Cosmology – How Does It Make Sense for the Universe to Have Started from the Big Bang?

big-bangcosmologygeneral-relativitysingularitiesspacetime

It has been said that the Big Bang started from a singularity. Think about a balloon radially growing over time. Fix a time $t_0, t_1 > 0$, and let $M_0, M_1$ be two balloons at time $t_0, t_1$ respectively. I can find a two-parameter diffeomorphism $\phi(t_0, t_1): M_0 \rightarrow M_1$.

However, I cannot find a diffeomorphism if I let $t_0 = 0$ and $t_1 > 0$, i.e. $\phi(0, t_1): \{*\} \rightarrow M_1$. In what sense should I interpret a homotopy between initial state (big bang) and final state (the current universe)? Is it even true that the Big Bang started from a singularity?

Best Answer

The singularity at the start of the universe in the Big Bang model is not supposed to be understood as part of the smooth manifold of spacetime, precisely for this reason.

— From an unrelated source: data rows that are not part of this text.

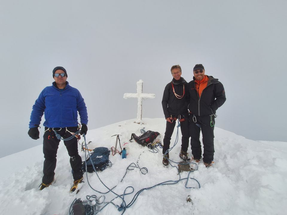 Neuschnee hat sich nocht nicht gesetzt, und hat sich auch noch nicht mit dem Altfirn, bzw Blankeis verbunden. Daher Vorsicht im unteren steilen Bereich des Gletschers.
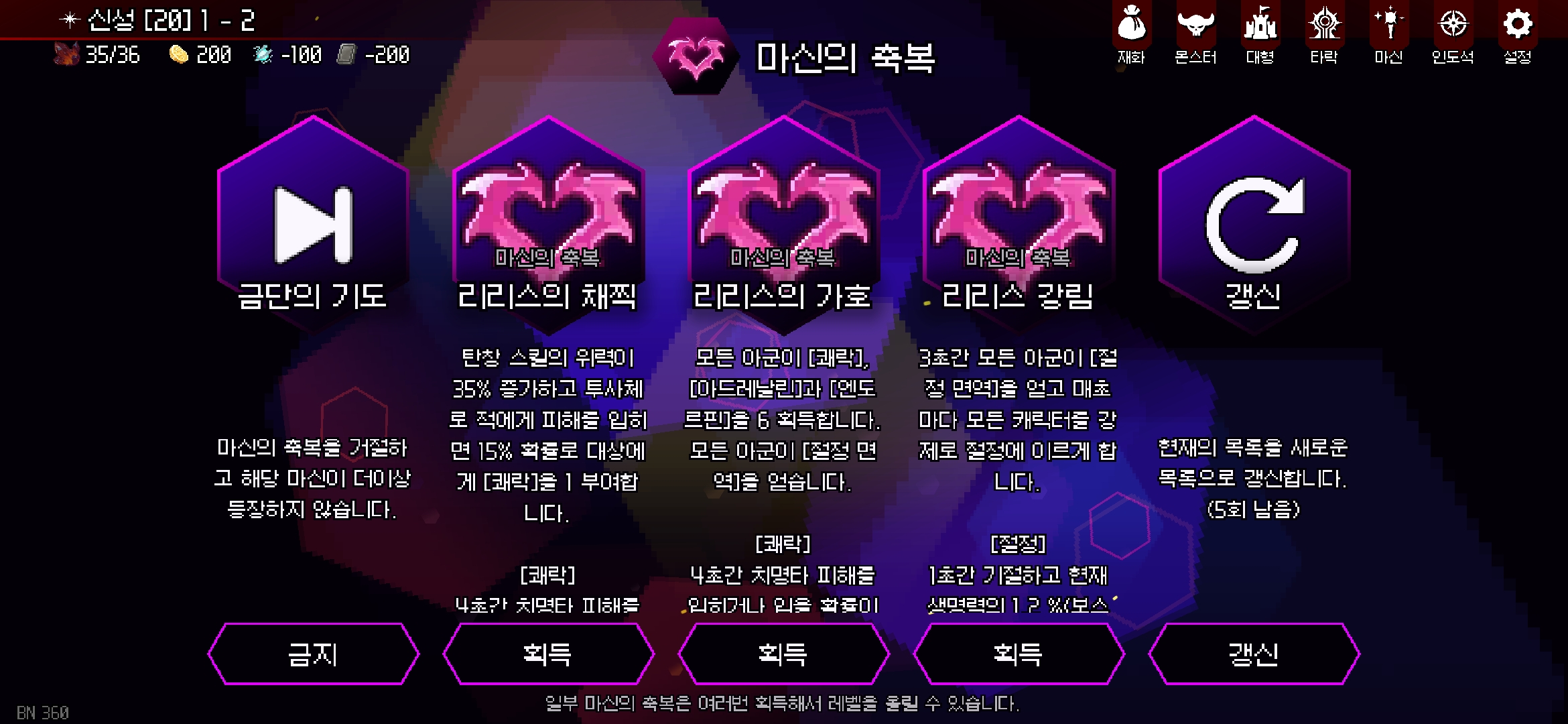 마신의 축복은 전투 재화 선택으로 얻을 수 있으며, 세 선택지 중 하나를 획득할 수 있습니다.
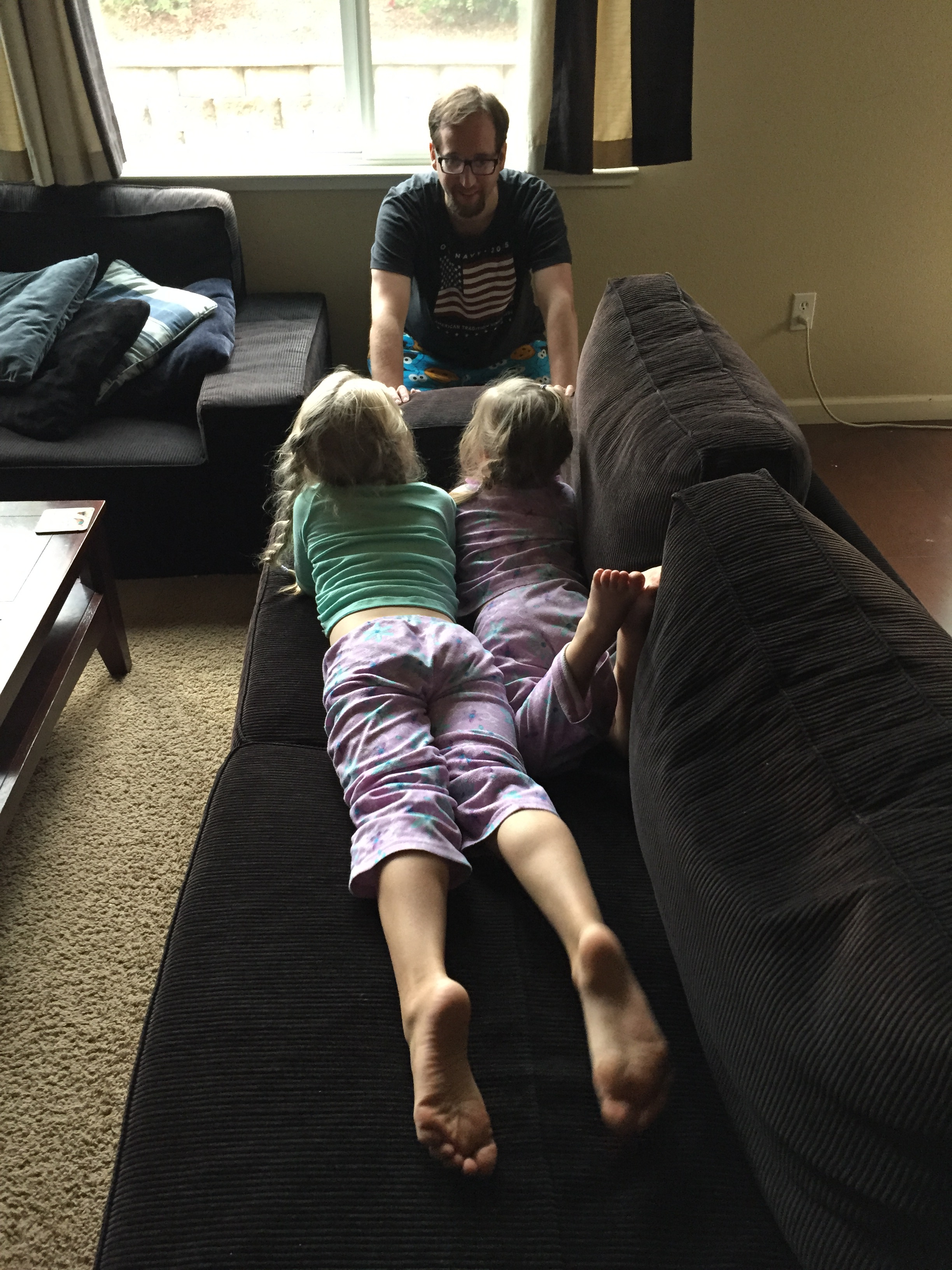 “Helping” Daddy move the couch. 🙂
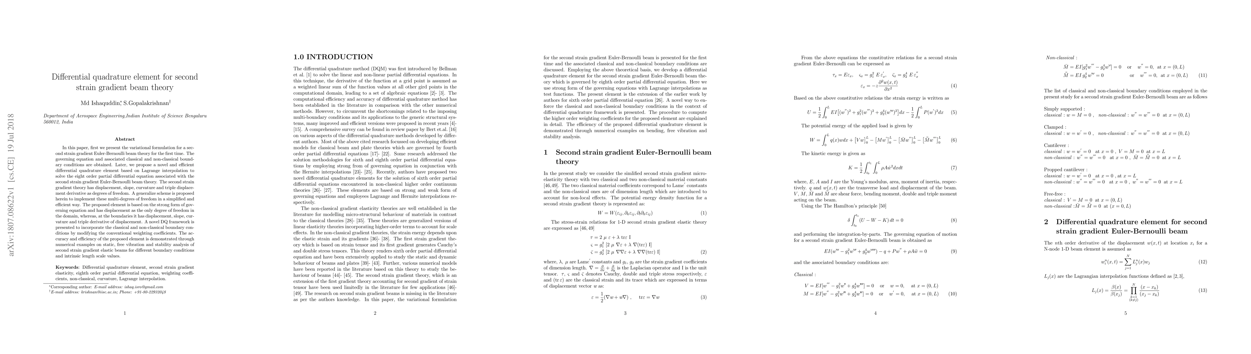 This paper introduces a new differential quadrature element for solving second strain gradient beam theory equations, showcasing improved accuracy and efficiency in analyzing beams with complex deformations.
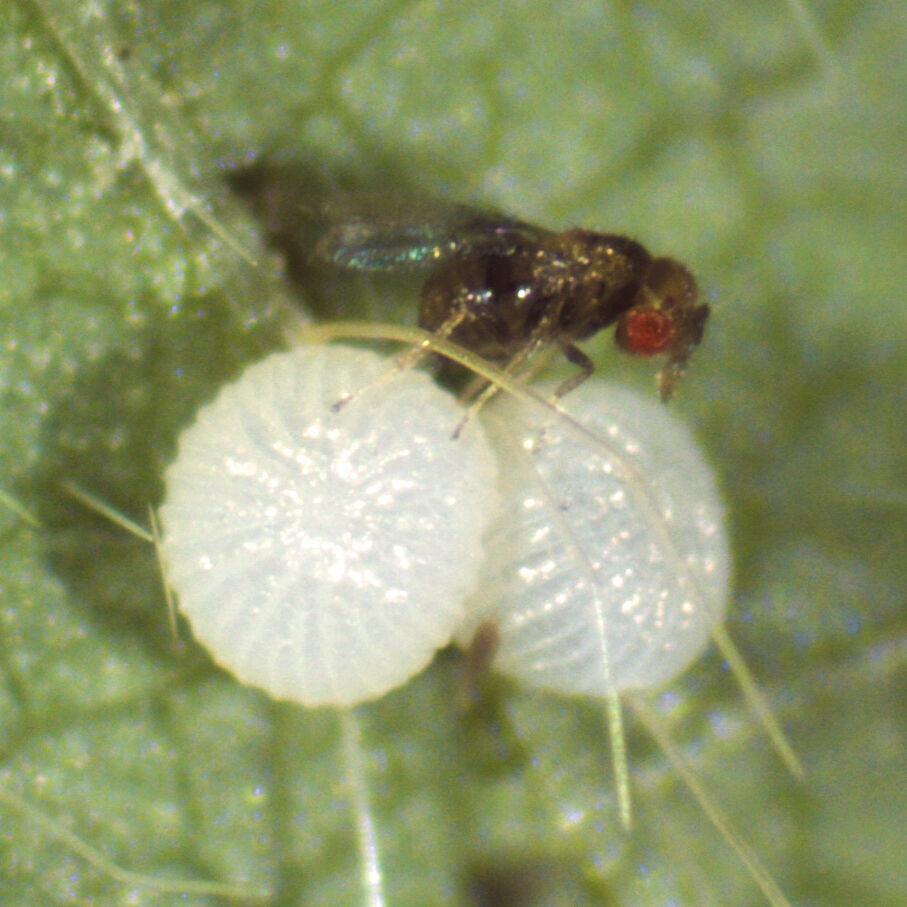 Las moscas blancas son plagas comunes que se alimentan de la savia de las plantas y transmiten enfermedades vegetales. Encarsia formosa (En-Strip) y Eretmocerus eremicus (Ercal, Enermix) son avispas parásitas conocidas por su eficacia en el control de las poblaciones de mosca blanca.

The time function on spacetime does not actually assign a "point" to $t = 0$. It's undefined (otherwise spacetime wouldn't be a Lorentzian manifold), and the same is true if you take an FLRW universe and try to keep the initial spatial slice 3d - since the scale factor goes to zero, the manifold is not Lorentzian there.

If you want to model the initial singularity of the Big Bang as part of spacetime, you need to consider more general models of spacetime than a Lorentzian manifold.